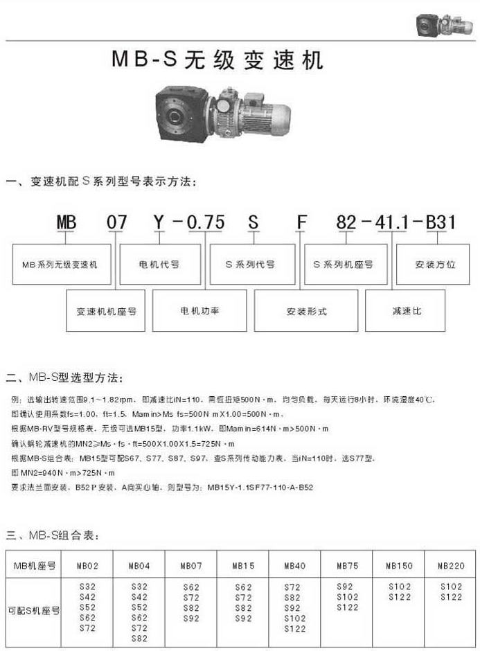 MB-S無級變速機型號表示法選型方法MB-S組合表
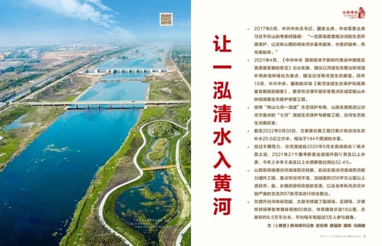 为解决汾河流域水资源短缺、空间分布不均问题,山西实施引黄济汾、引沁济汾等跨流域调水工程,建立汾河流域水资源统一调度机制。截至2022年6月30日,万家寨引黄工程已累计向汾河生态补水20.6亿立方米,相当于144个西湖的水量。
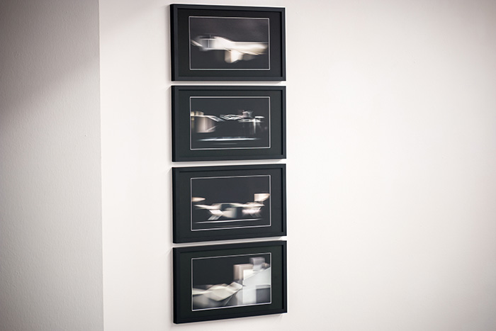 Bewegung21 consists of four framed film stills, taken from the filming of Skulptur21. A video camera was panned alongside the sculpture, to the effect of the image becoming blurred. Bewegung21 shows a renewed transformation of movement, mirroring the transformation of Rhythmus 21 through Skulptur21.
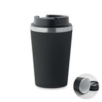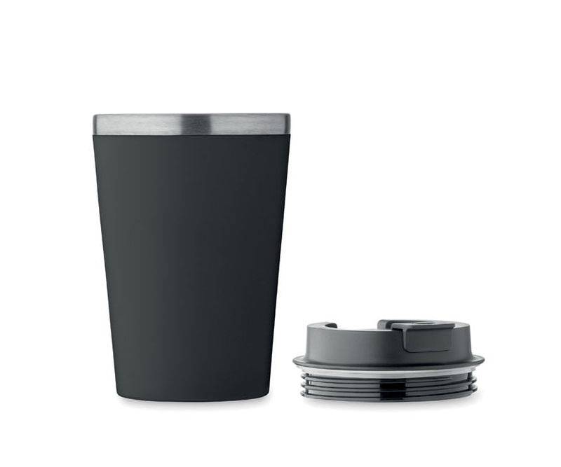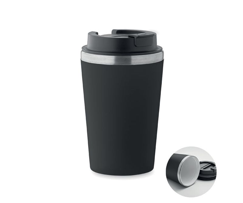 Pahar dublu cu perete exterior din PP si perete interior din otel inoxidabil reciclat (90% otel inoxidabil reciclat si 10% otel inoxidabil) cu o captuseala interioara din ceramica. Fara scurgeri. Capacitate: 350 ml.
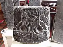 Esta imagen se ha interprerado como el dios Odín, con un cuervo o águila sobre el hombro, siendo devorado por el lobo Fenrir durante el Ragnarök. Cerca de la imagen hay una gran cruz y otra imagen paralela que ha sido descrita como el triunfo de Cristo sobre Satán.[6] Estos elementos combinados describen a la piedra como un ejemplo de sincretismo, una mezcla de creencias paganas y cristianas. Andy Orchard comenta que el pájaro sobre el hombro de Odín debería ser uno de los cuervos del dios Hugin y Munin.[7]
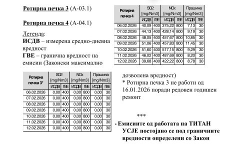 Паралелното мерење на амбиенталниот воздух (PM10 честички) во кругот на ТИТАН УСЈЕ не покажува меѓузависност со состојбите со амбиенталниот воздух измерени на други мерни станици, надвор од цементарницата.
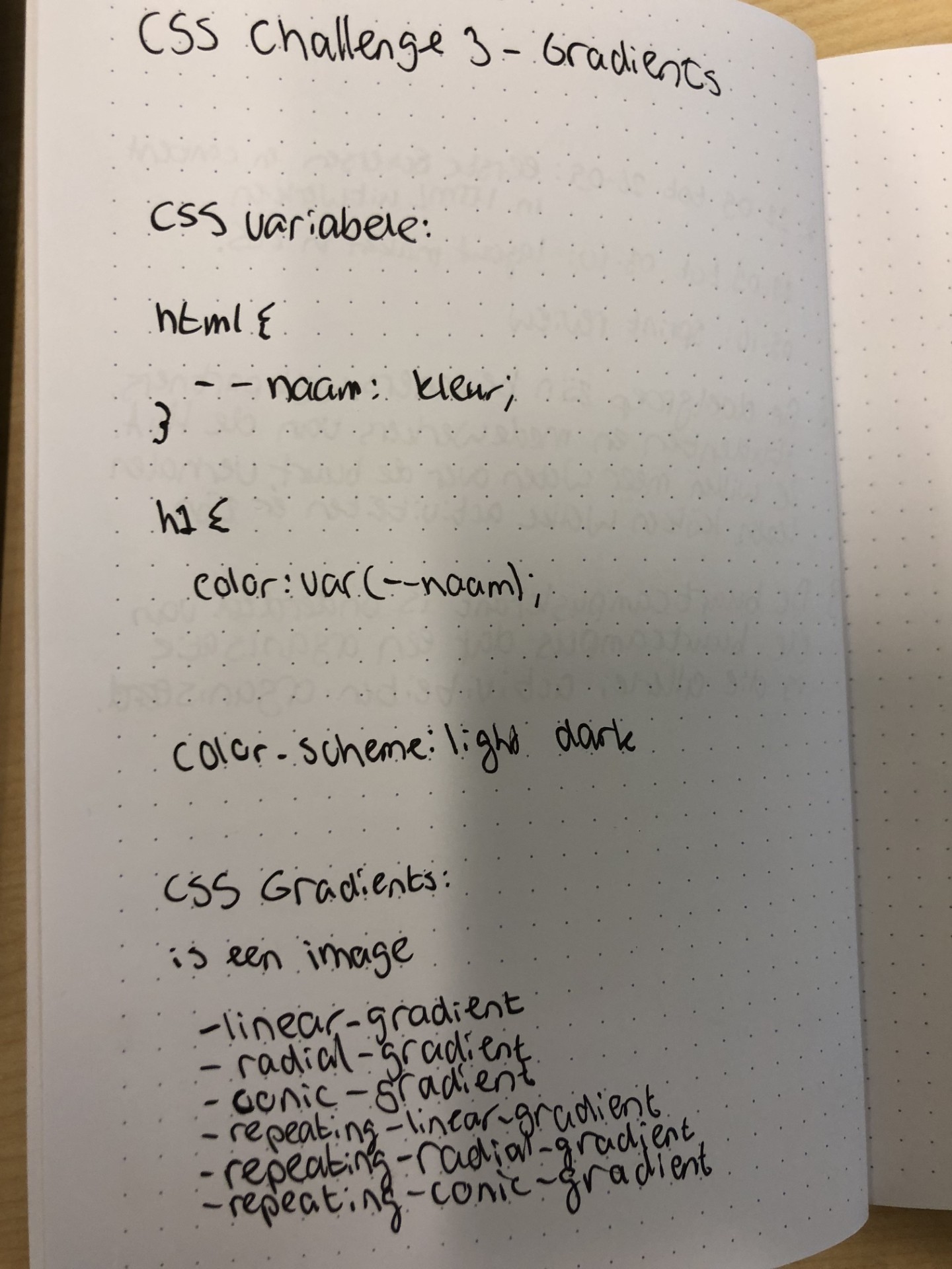 CSS Challenge 3 - Gradients: Geleerd over gradients. (Aantekeningen)
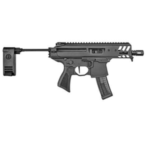 The Sig Sauer MPX Copperhead Black 9mm 4.5″ 20RD features a monolithic Elite Series Cerakote finish upper receiver, with an integrated stock knuckle lower, and a 4.5” barrel with integrated muzzle brake. The MPX Copperhead comes equipped with the new SIG SAUER Pivoting Contour Brace (PCB) giving pistol users a brace that easily adapts to the movement of the shooter’s arm with a patented swivel operation for perfect placement, and can be rapidly deployed. The SIG MPX redefines the submachine gun category with a new level of operator safety, in-field adaptability and proven reliability in the harshest environments. Completely ambidextrous, the SIG MPX is great for left- or right-handed shooters with its dual-sided selector switch, magazine release, charging handle and bolt release. The SIG MPX operates from a fully-closed and locked rotating bolt, offering enhanced reliability and safety in use. A short-stroke gas piston allows the SIG MPX to run all weights and brands of 9mm ammunition with no adjustments to the gas valve.

========

◆ TASK ITEM: Once the line with "Паралелното мерење на" is found in the data above, reproduce it and each line after it exactly, through the line with "CSS Challenge 3". Omit the pictures.

◆ ANSWER BOX:
 Паралелното мерење на амбиенталниот воздух (PM10 честички) во кругот на ТИТАН УСЈЕ не покажува меѓузависност со состојбите со амбиенталниот воздух измерени на други мерни станици, надвор од цементарницата.
 CSS Challenge 3 - Gradients: Geleerd over gradients. (Aantekeningen)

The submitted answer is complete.